▶ _To do_
Under this line is a listing; return exactly the lines starting at the one with "本文所要研究的實(shí)例" and running down to the one with "LARGE - STUNNING", and leave out its pictures.

▶ _Exercise data_
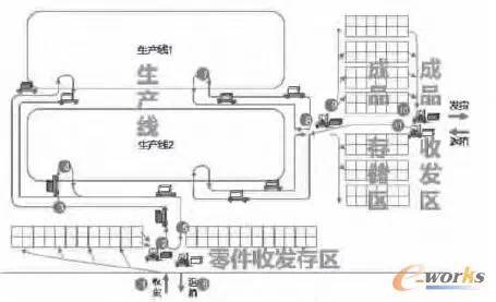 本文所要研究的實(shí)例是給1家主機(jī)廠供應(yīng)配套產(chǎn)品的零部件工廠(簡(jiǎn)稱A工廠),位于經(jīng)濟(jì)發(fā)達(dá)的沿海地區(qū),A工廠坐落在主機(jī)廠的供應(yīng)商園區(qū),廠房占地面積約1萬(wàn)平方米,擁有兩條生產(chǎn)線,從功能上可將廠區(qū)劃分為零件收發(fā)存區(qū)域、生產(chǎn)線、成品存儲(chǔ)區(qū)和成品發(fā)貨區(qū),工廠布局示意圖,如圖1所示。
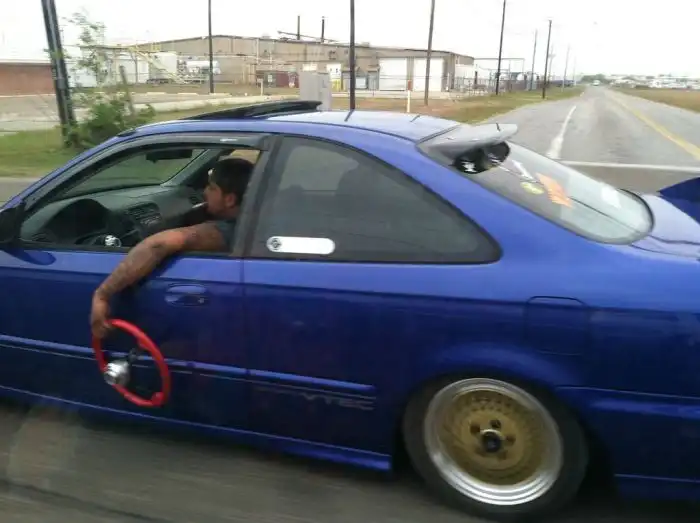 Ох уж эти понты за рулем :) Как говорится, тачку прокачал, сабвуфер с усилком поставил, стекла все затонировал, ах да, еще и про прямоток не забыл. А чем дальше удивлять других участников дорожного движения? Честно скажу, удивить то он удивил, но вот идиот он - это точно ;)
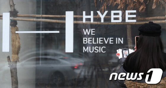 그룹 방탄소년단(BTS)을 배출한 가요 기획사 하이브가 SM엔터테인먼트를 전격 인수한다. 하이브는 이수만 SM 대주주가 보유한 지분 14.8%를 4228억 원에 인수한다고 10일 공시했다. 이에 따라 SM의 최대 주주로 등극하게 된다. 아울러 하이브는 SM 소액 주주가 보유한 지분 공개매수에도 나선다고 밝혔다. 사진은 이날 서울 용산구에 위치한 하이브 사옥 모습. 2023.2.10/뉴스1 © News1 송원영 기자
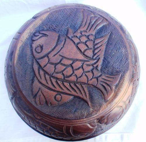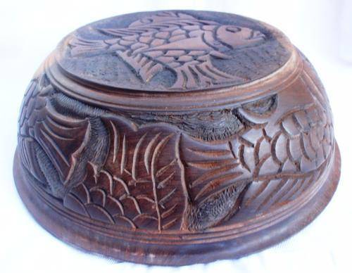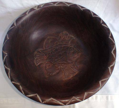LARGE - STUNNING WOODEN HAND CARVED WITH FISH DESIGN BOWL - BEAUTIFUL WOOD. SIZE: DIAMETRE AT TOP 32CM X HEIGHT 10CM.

* * *

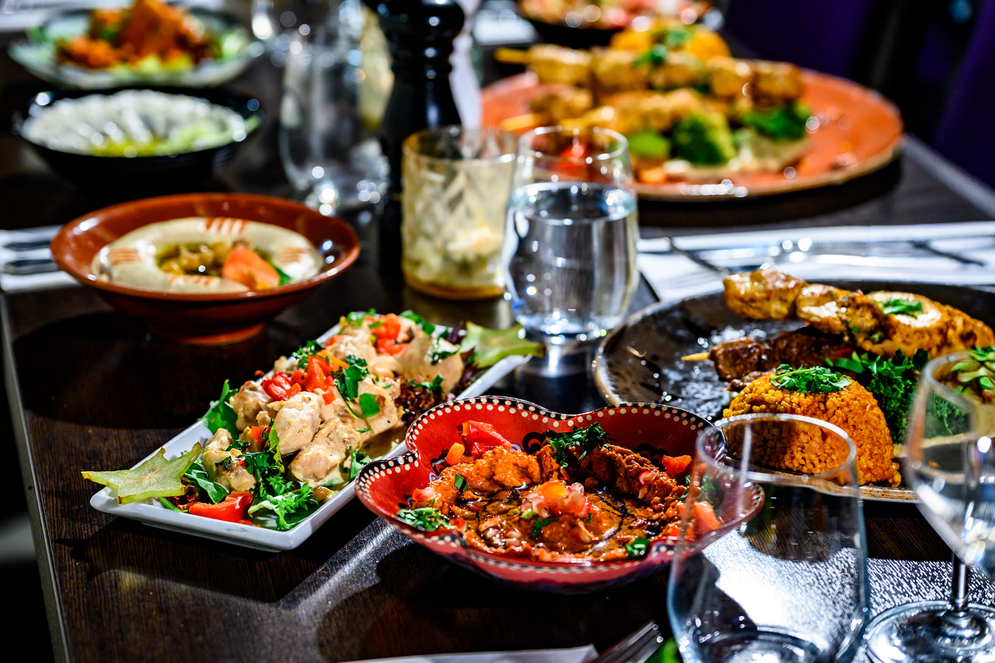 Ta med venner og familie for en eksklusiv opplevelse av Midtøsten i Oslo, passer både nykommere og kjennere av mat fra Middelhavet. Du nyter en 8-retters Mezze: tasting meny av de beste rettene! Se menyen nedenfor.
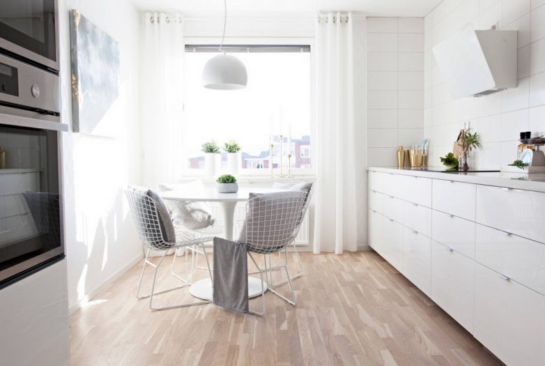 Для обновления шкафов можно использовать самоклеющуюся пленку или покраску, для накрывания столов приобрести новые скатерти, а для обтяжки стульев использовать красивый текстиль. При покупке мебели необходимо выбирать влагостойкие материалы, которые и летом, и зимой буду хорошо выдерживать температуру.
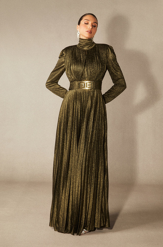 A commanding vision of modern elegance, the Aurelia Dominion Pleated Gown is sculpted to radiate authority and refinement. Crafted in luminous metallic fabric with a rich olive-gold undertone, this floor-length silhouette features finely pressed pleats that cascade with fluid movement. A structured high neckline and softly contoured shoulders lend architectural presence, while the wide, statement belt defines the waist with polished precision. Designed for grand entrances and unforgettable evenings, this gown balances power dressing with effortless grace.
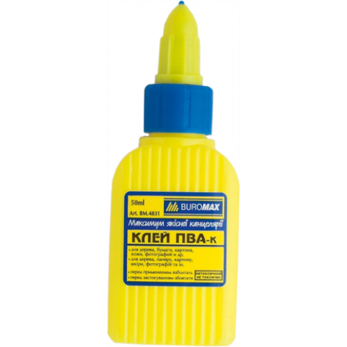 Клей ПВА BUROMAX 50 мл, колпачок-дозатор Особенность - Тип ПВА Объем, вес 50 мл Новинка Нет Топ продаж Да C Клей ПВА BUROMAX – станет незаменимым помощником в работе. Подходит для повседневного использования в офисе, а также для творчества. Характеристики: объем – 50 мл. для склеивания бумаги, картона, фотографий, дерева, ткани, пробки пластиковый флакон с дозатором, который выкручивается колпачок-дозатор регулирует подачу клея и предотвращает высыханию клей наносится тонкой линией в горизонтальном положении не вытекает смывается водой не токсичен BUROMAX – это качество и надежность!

▶ _Answer box_
 本文所要研究的實(shí)例是給1家主機(jī)廠供應(yīng)配套產(chǎn)品的零部件工廠(簡(jiǎn)稱A工廠),位于經(jīng)濟(jì)發(fā)達(dá)的沿海地區(qū),A工廠坐落在主機(jī)廠的供應(yīng)商園區(qū),廠房占地面積約1萬(wàn)平方米,擁有兩條生產(chǎn)線,從功能上可將廠區(qū)劃分為零件收發(fā)存區(qū)域、生產(chǎn)線、成品存儲(chǔ)區(qū)和成品發(fā)貨區(qū),工廠布局示意圖,如圖1所示。
 Ох уж эти понты за рулем :) Как говорится, тачку прокачал, сабвуфер с усилком поставил, стекла все затонировал, ах да, еще и про прямоток не забыл. А чем дальше удивлять других участников дорожного движения? Честно скажу, удивить то он удивил, но вот идиот он - это точно ;)
 그룹 방탄소년단(BTS)을 배출한 가요 기획사 하이브가 SM엔터테인먼트를 전격 인수한다. 하이브는 이수만 SM 대주주가 보유한 지분 14.8%를 4228억 원에 인수한다고 10일 공시했다. 이에 따라 SM의 최대 주주로 등극하게 된다. 아울러 하이브는 SM 소액 주주가 보유한 지분 공개매수에도 나선다고 밝혔다. 사진은 이날 서울 용산구에 위치한 하이브 사옥 모습. 2023.2.10/뉴스1 © News1 송원영 기자
LARGE - STUNNING WOODEN HAND CARVED WITH FISH DESIGN BOWL - BEAUTIFUL WOOD. SIZE: DIAMETRE AT TOP 32CM X HEIGHT 10CM.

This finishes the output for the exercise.